To są rozwiązania pomostowe, cząstkowe, to nie jest spójne rozwiązanie problemu. Powód jest prosty: ministerstwo nie ma pieniędzy, finansowanie szpitali nie wzrośnie. Wychodzi więc z założenia, że przerzuci ten obowiązek na samorządy. Minister Radziwiłł zapytany, czy nie będzie to skutkowało presją na samorządy do finansowania świadczeń normalnie kupowanych przez NFZ, odpowiedział, że tak i że to bardzo dobrze. Jak to ma się do górnolotnych stwierdzeń, że teraz państwo bierze odpowiedzialność za służbę zdrowia?
Dla obywatela państwo to także samorząd. To władza publiczna.
Ale różnica jest ogromna. Samorząd ma własny budżet i własne zadania.

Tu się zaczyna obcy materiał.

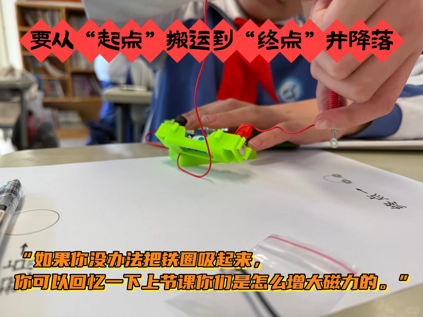 其实为了完成任务一成功吸上铁圈,加上前面的迁移暗示,学生已经能想到并尝试【多绕几圈】,相当于已经发现了【圈数对磁性的影响】

A od państwa nie dostanie więcej na działalność leczniczą. Rząd podrzucił samorządom gorący kartofel, nic dziwnego, że nie są zachwycone. Bogate samorządy będą pewnie te świadczenia kupowały. Ale w Polsce Wschodniej już tak nie będzie. Kolejną zmianą jest zakaz wypłacania sobie dywidendy – akurat z tym nie mam problemu. Tak powinno być, że dywidendy inwestuje się w dalszą działalność. Dziwi mnie tylko, że przy tym szpitale, zdaniem ministra Radziwiłła, nie mogą zarabiać. Mogą to robić jedynie specjaliści i praktyki podstawowej opieki zdrowotnej. Dlaczego tak jest, nie rozumiem.
Jest jeszcze ratunek dla lecznictwa szpitalnego?
Szczerze mówiąc, przy budżecie, który jest obecnie przeznaczany na zdrowie – może poza szpitalami psychiatrycznymi i monospecjalistycznymi – bez szkody i ryzyka dla bezpieczeństwa zdrowotnego pacjentów można doprowadzić do takiej sytuacji, w której szpitale przynajmniej nie generują straty.
Na samym leczeniu ludzi? Bez zwiększenia finansowania?
Tak. Bez zwiększenia finansowania.
To odważna teza.
Podtrzymuję ją.
To dlaczego tak nie jest już teraz?
Bo nikomu na tym nie zależy. Najważniejsza jest motywacja, a tej brakuje.